## ABOUT THIS EXERCISE
Could you restate word for word every line from the one containing "La Confederación de" to the end of the data below, pictures excluded?

## DATASET

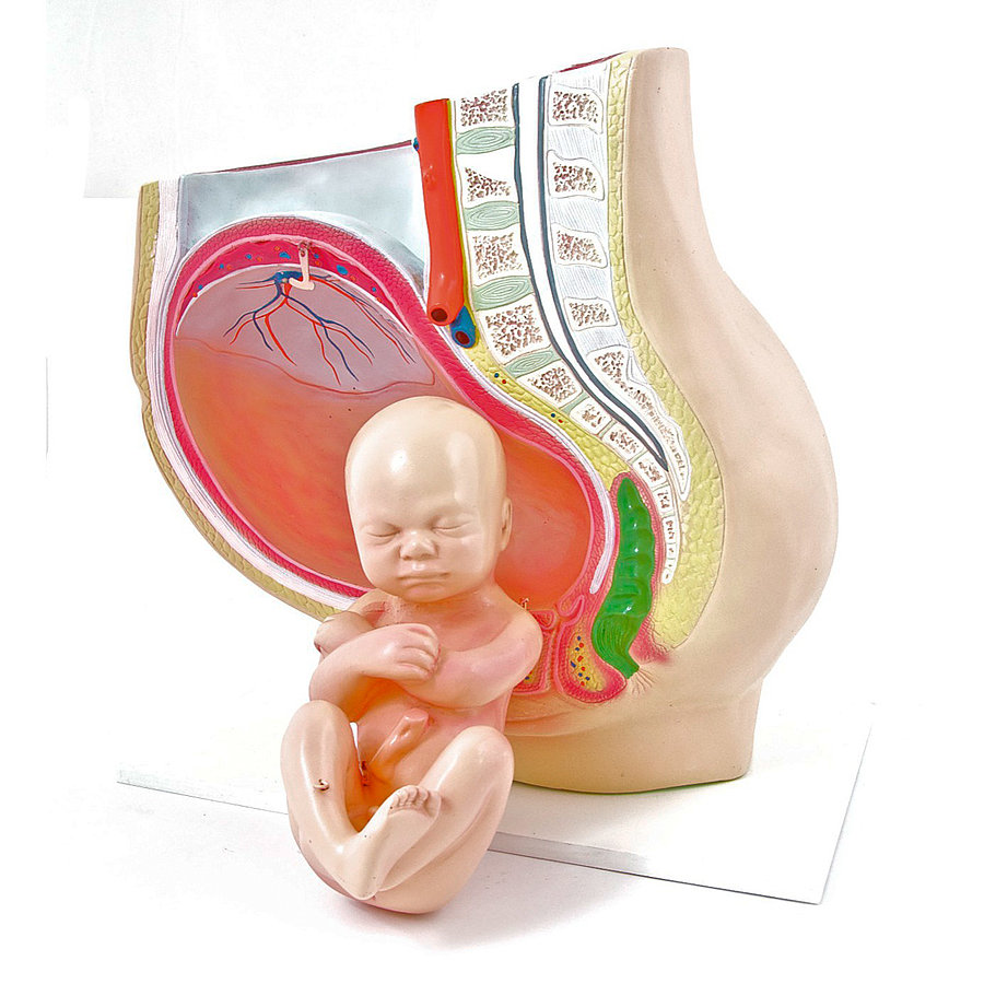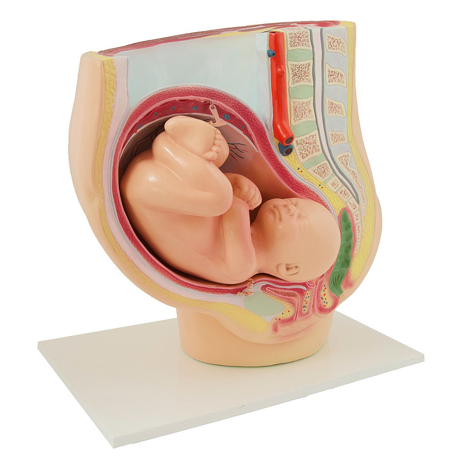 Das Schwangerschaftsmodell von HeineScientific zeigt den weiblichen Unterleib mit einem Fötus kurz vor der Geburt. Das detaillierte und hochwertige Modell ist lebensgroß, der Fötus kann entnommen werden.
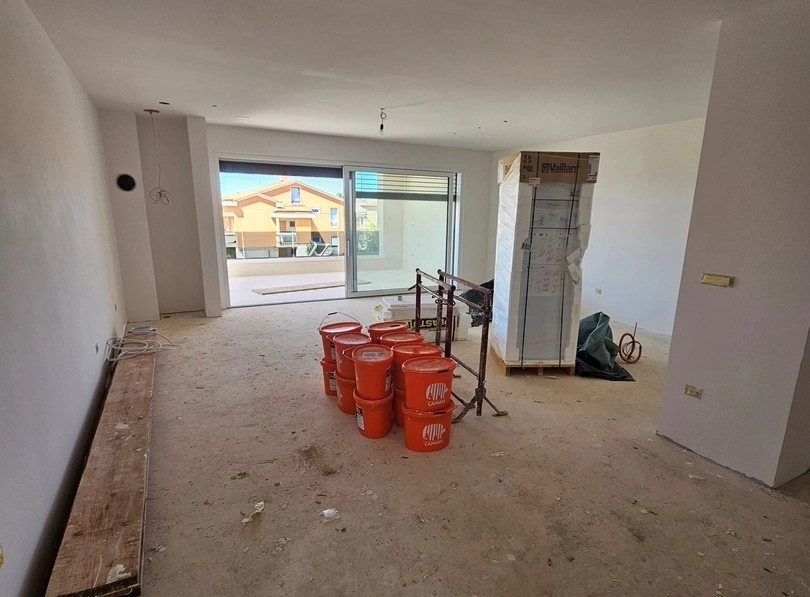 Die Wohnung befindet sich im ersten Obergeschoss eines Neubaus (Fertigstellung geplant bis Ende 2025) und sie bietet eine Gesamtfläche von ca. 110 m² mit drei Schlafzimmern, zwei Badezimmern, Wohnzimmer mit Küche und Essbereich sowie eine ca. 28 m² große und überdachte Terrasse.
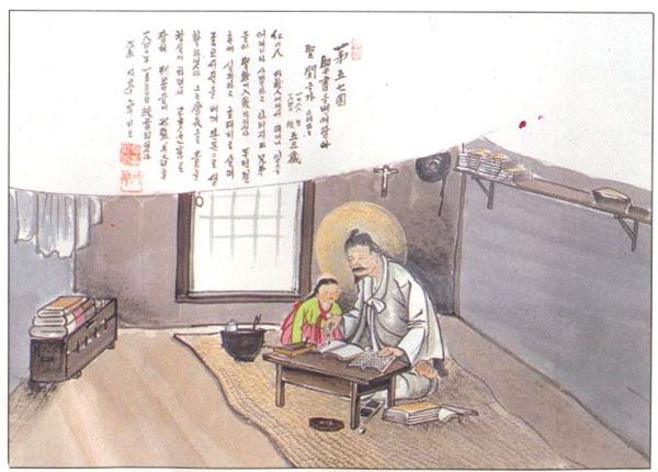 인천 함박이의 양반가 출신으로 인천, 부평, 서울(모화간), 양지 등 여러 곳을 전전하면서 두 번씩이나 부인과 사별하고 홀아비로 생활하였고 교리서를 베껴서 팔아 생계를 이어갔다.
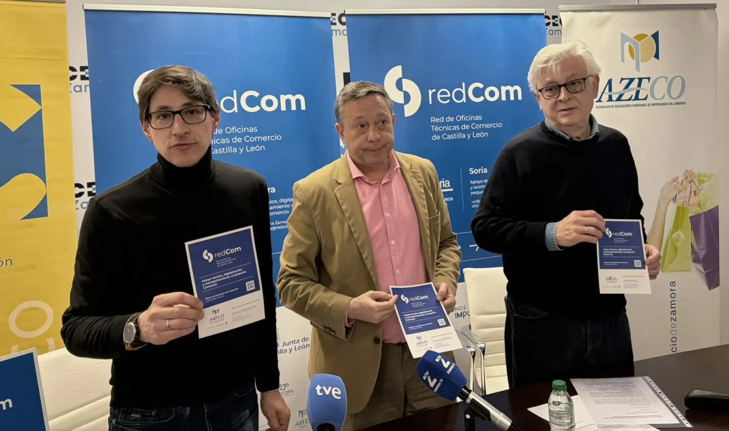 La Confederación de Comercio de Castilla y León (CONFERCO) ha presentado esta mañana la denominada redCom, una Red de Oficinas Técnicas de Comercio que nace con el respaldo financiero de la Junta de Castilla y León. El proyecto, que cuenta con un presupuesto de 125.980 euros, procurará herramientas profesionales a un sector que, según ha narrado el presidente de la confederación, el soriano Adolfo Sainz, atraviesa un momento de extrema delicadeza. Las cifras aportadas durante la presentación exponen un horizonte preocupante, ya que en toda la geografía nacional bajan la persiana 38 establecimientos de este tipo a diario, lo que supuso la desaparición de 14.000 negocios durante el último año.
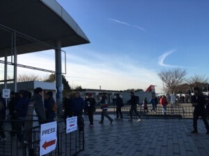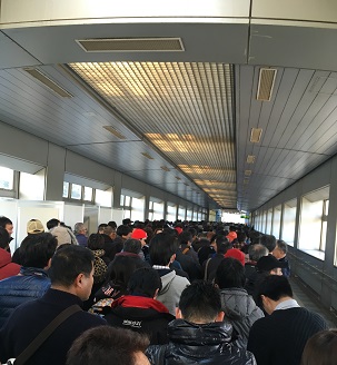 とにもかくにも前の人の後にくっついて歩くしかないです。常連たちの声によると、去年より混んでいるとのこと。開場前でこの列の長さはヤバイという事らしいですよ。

## RESULT FOR THIS TASK
 La Confederación de Comercio de Castilla y León (CONFERCO) ha presentado esta mañana la denominada redCom, una Red de Oficinas Técnicas de Comercio que nace con el respaldo financiero de la Junta de Castilla y León. El proyecto, que cuenta con un presupuesto de 125.980 euros, procurará herramientas profesionales a un sector que, según ha narrado el presidente de la confederación, el soriano Adolfo Sainz, atraviesa un momento de extrema delicadeza. Las cifras aportadas durante la presentación exponen un horizonte preocupante, ya que en toda la geografía nacional bajan la persiana 38 establecimientos de este tipo a diario, lo que supuso la desaparición de 14.000 negocios durante el último año.
 とにもかくにも前の人の後にくっついて歩くしかないです。常連たちの声によると、去年より混んでいるとのこと。開場前でこの列の長さはヤバイという事らしいですよ。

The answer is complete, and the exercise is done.